Relatives of slain teenagers hold a banner during a protest against violence in Ciudad Juarez, Mexico, Saturday, Feb. 13, 2010. The banner reads in Spanish "Not even one more, not even one less. Stop the violence now." (AP/Alexandre Meneghini)
Ciudad Juarez, Mexico — Hundreds of people marched Saturday against the drug gang violence besieging Mexican border city of Ciudad Juarez, gathering at a bridge where they simulated the massacre of a group of teenagers last month.

Police, meanwhile, found the bullet-ridden bodies of five men in a town in the southwestern corner of Chihuahua state. And a decapitated body was found dumped beside the highway leading into the Pacific resort city of Acapulco.

The protesters marched to a border bridge in Ciudad Juarez, where they dropped to the ground as masked people dressed in black arrived at the scene, pretending to be the gunmen who killed 15 people in a working-class neighborhood on Jan. 30.

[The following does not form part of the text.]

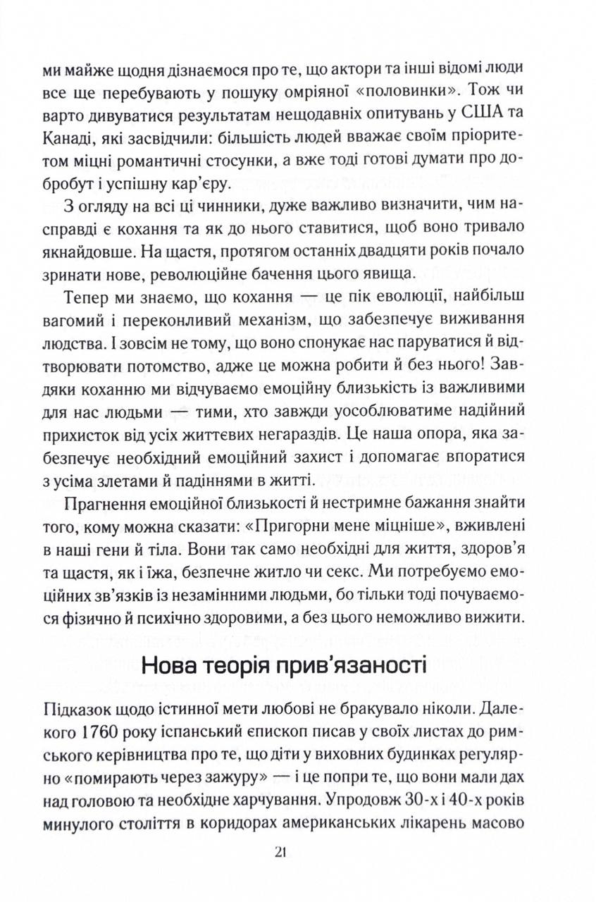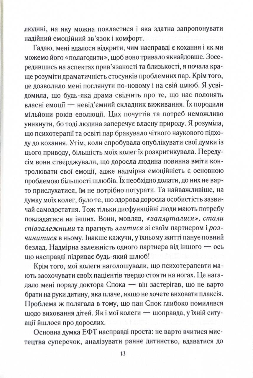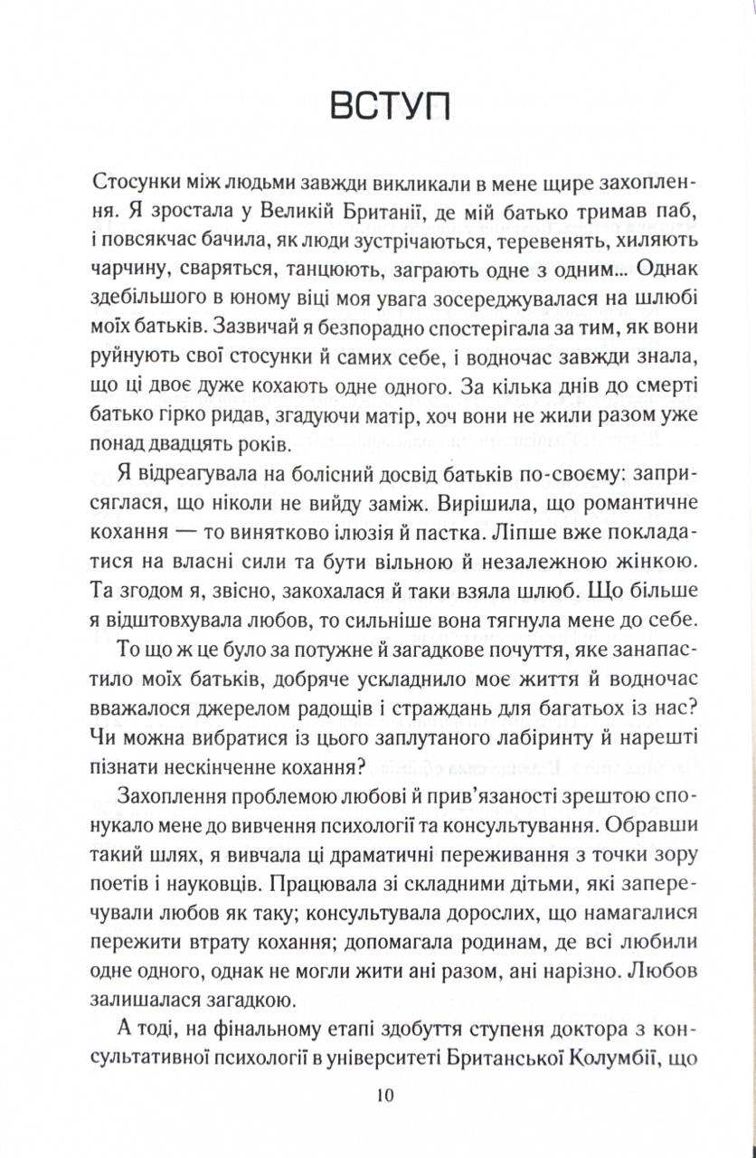 З дитинства ми мріємо про «кохання з першого погляду» та прагнемо «жити довго й щасливо». Проте персонажі казок ніколи не з’ясовують, чия черга виносити сміття чи мити посуд. Але чи можлива така ідилія в реальних стосунках? Докторка Сью Джонсон відкриває перед читачами абсолютно новий, сповнений любові світ щасливих і гармонійних стосунків. Її методи будуть корисними для всіх без винятку пар — молодих і літніх, одружених і ні, щасливих і нещасних, гетеро- і гомосексуальних, — для всіх, хто прагне зберегти кохання упродовж усього життя.
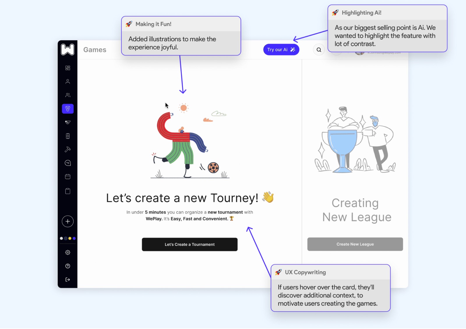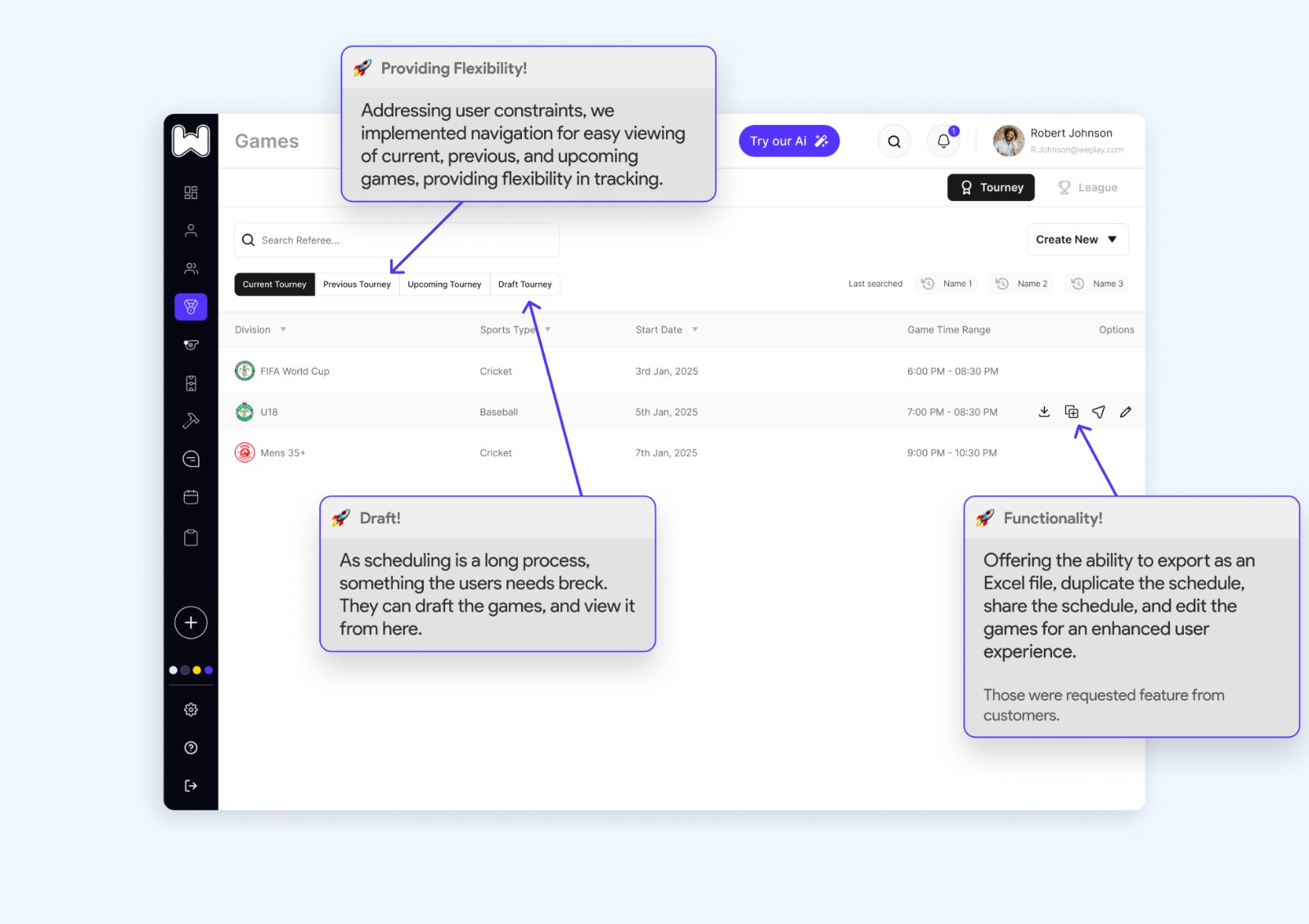 Our stakeholders were pleasantly surprised by the innovative vision we presented to address the existing sports scheduling challenges through our new design. We've even developed an MVP version for an early release that will be launched soon.

Many of those killed were teenagers with no known ties to drug gangs. Police have arrested two suspects who told authorities they were targeting members of a rival cartel, but investigators say the killers may have been acting on mistaken information.

The attack stoked anger against the government of President Felipe Calderon, whose deployment of thousands of troops to Ciudad Juarez has done little to stop vicious fighting between gangs battling for drug dealing turf and lucrative trafficking routes north.

The bloodshed has made the city of 1.3 million, which lies across the border from El Paso, Texas, one of the world's deadliest. More than 2,600 people were killed last year.

Calderon fueled the outrage when he initially said the Jan. 30 massacre was the result of a fight between rival drug gangs. He apologized during a visit Thursday to Ciudad Juarez, where he met with relatives of the victims and pledged to spend more on social programs in the city.

The protesters made clear they had not forgiven him.

"President Felipe Calderon should also resign," said Luz Maria Davila, whose two sons were killed the massacre. "We want peace in Ciudad Juarez because all of those kids were students and they weren't gangsters like people said."

In the town of Guadalupe and Calvo, which lies in the opposite corner of Chihuahua state from Ciudad Juarez, the bodies of five men were found dumped on a dirt road. A state prosecutors' report said the five men had missing since Feb. 6. The men were identified and sent back to their hometown of Lajita de Palmira, but the motive for their killings was not known.

Police in the southwestern state of Guerrero had not identified the decapitated man, who found at midday on the side of the highway connecting Mexico City to Acapulco. The body was found at inside a nylon bag with his feet and hands bound.